Early-stage clinical investigations are also underway. A first-in-human Phase I trial (NCT03608631) assessed Participants received mesenchymal stromal cells-derived exosomes with KrasG12D siRNA IV over 15–20 minutes on days 1, 4, and 10 with treatment repeatation in every 14 days for up to 3 courses in the absence of disease progression or unacceptable toxicity. Participants who responded were continued 3 additional courses (75). Another trial (NCT01159288) explored autologous dendritic cell–derived exosomes loaded with tumour antigens as a personalized cancer vaccine for non-small cell lung cancer, reporting induction of tumour-specific T-cell responses (76). An immunotherapy was developed by Gustave Roussy and Curie institutes involving metronomic cyclophosphamide (mCTX) followed by vaccinations with tumor antigen-loaded dendritic cell-derived exosomes (Dex). mCTX inhibits Treg (regulatory T-cells) functions restoring T and NK cell effector functions and Dex are able to activate the innate and adaptive immunity. The median progression-free survival (PFS) in patients responding or stabilized after 4 chemotherapy cycles ranges from 2 to 2.8 months. They proposed a maintenance immunotherapy in 47 advanced unresectable NSCLC patients responding or stabilized after induction chemotherapy with Dex-based treatment to improve PFS rate at 4 months in these patients (76).

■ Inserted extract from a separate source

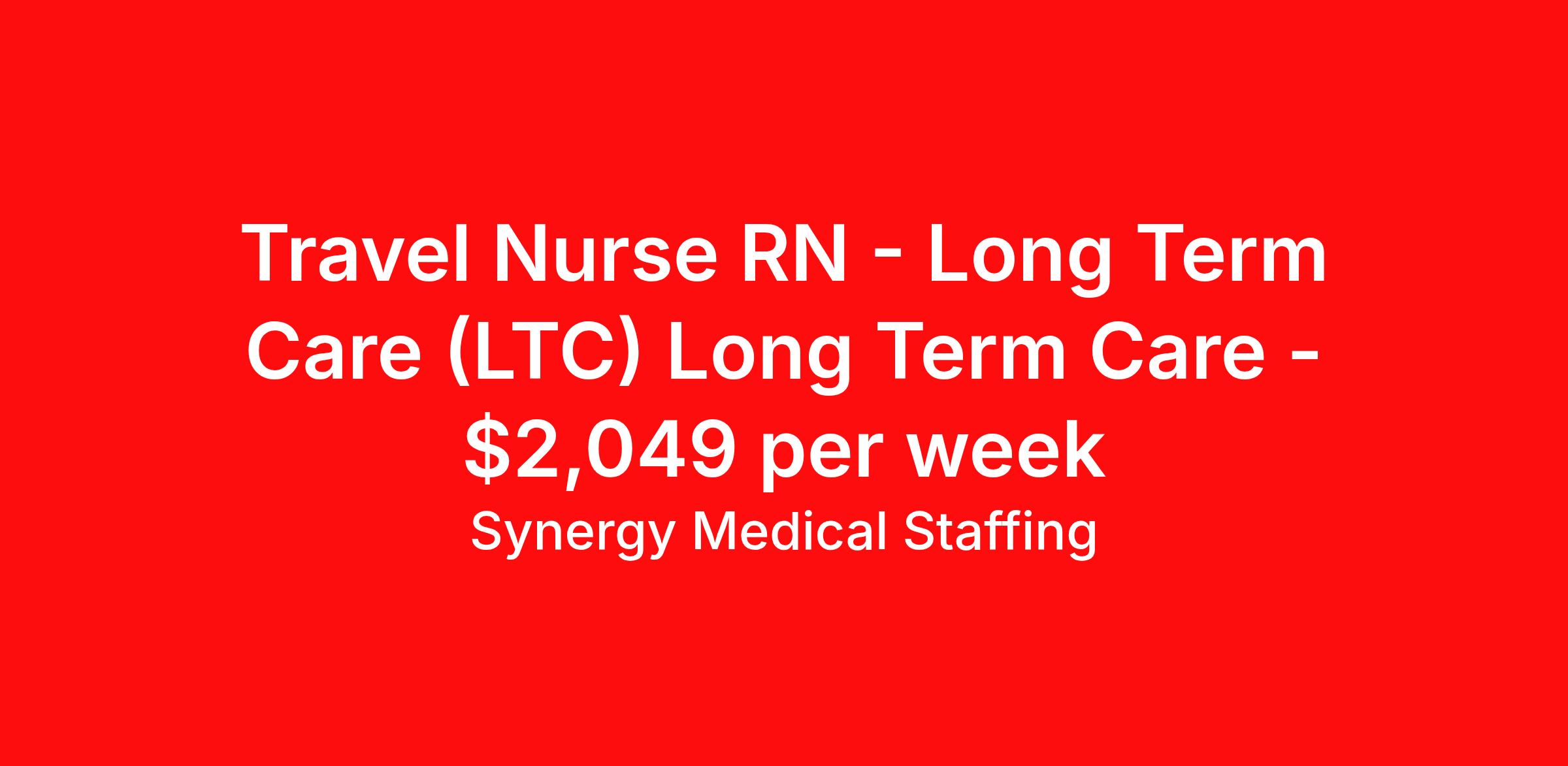 Synergy Medical Staffing is seeking a travel nurse RN Long Term Care (LTC) Long Term Care for a travel nursing job in Westbrook, Maine. Job Description & Requirements Specialty: Long Term Care Discipline: RN Start Date: 03/23/2026 Duration: 13 weeks 40 hours per week Shift: 8 hours, days Employment Type: Travel Travel, RN - LTC Location: Westbrook, Maine Shift: 5x8 Days, 08:00:00-16:00:00, 8.00-5 Duration 13 Weeks When you join Synergy Medical Staffing, you’ll have a dedicated recruiter helping you at all times. Your recruiter is a cross between a career coach and a concierge. They will help you fine-tune your resume, find your next job, and locate an apartment (even one that takes pets!). Make one call and get help with everything from placement to housing to payroll, even travel directions! As a travel, contract and permanent placement medical staffing company with over 20 years of experience in the industry, we understand your needs. Synergy’s Benefits are best in class and include the following: 401K that matches up to 5% of your pay and you are 100% vested from Day 1. Medical, Dental, Vision, Life insurance, Long and short-term disability and others Loyality Program Weekly pay Holiday Pay (varies by Assignment) Guaranteed Hours (varies by Assignment) Referral bonus Continuing Education License and certification reimbursement Synergy Medical Staffing Job ID 36188836. Pay package is based on 8 hour shifts and 40.0 hours per week (subject to confirmation) with tax-free stipend amount to be determined. Posted job title: RN:LTC,08:00:00-16:00:00 About Synergy Medical Staffing When you join Synergy Medical Staffing, you’ll have a dedicated recruiter helping you at all times. Your recruiter is a cross between a career coach and a concierge. They will help you fine-tune your resume, find your next job, and locate an apartment (even one that takes pets!). Make one call and get help with everything from placement to housing to payroll, even travel directions! As a travel, contract and permanent placement medical staffing company with over 12 years of experience in the industry, we understand your needs. Are you interested in traveling, or just a job around the corner? Whatever your preference, you can be sure there are plenty of Nursing Jobs, Allied Jobs and Physical Therapy Jobs, Occupational Therapy Jobs, Speech Therapy Jobs and Rehab Therapy jobs anywhere you want to go. Synergy Medical Staffing professionals have been in the Medical staffing employment and staffing industry for over 12 years, and have developed solid relationships with numerous healthcare facilities nationwide. Contact us now and expand your medical career with new opportunities from Synergy Medical Staffing. Synergy’s Benefits are best in class and include the following 401K Day 1 Full Medical, Dental, Vision, Life insurance, Long and short term disability and others Student Loan Repayment and CEU reimbursement Loyalty bonus after 600 hours Benefits Discount program Weekly pay Holiday Pay Guaranteed Hours Referral bonus Medical benefits Dental benefits Continuing Education License and certification reimbursement Life insurance 401k retirement plan Cancelation protection Vision benefits

Collectively, these studies illustrate the versatility, safety, and therapeutic potential of engineered exosomes, laying a robust foundation for their translation into precision oncology and next-generation immunotherapies.
Lipid-based nanocarriers
Lipid-based nanocarriers are nanoscale delivery platforms composed of biocompatible lipid components designed to encapsulate and transport therapeutic agents with enhanced pharmacokinetic and pharmacodynamic profiles such as stability, solubility, and targeted delivery profiles, while minimizing off-target effects (77, 78). Owing to their structural versatility, these systems can encapsulate both hydrophilic and hydrophobic molecules, enhance drug solubility, protect labile compounds from degradation, and enable targeted delivery, thereby reducing systemic toxicity (79, 80) They have been extensively utilized in cancer therapy, gene delivery, vaccine formulations, and other biomedical applications (13, 81). Lipid based drug delivery system is broadly classified into 3 types, namely, (i) emulsion type, (ii) vesicular system and (iii) lipid particulate system (82). Liposomes, solid lipid nanoparticles (SLNs) (11, 83), and nanostructured lipid carriers (NLCs), alongside a wider array of lipid-based drug delivery systems (LBDDS) such as lipospheres, lipid drug conjugate nanoparticles (LDCs), self-emulsifying formulations (SEFs), Pickering emulsions, dry emulsions, micro- and nano-emulsions, solidified reverse micellar solution (SRMS) tablets, herbosomes (84), Phytosomes (85) cryptosomes (86), niosomes (87, 88), ethosomes (89) bilosomes (90), and transferosomes (91) were some of the modulated form of the basic LBDDS catagory. These formulations employ diverse excipients such as triglyceride oils, mixed glycerides, lipophilic and hydrophilic surfactants, and water-soluble components, allowing high flexibility in drug formulation design (13, 81). Each of these nanocarriers offers unique advantages in drug loading, release kinetics, and stability (92, 93).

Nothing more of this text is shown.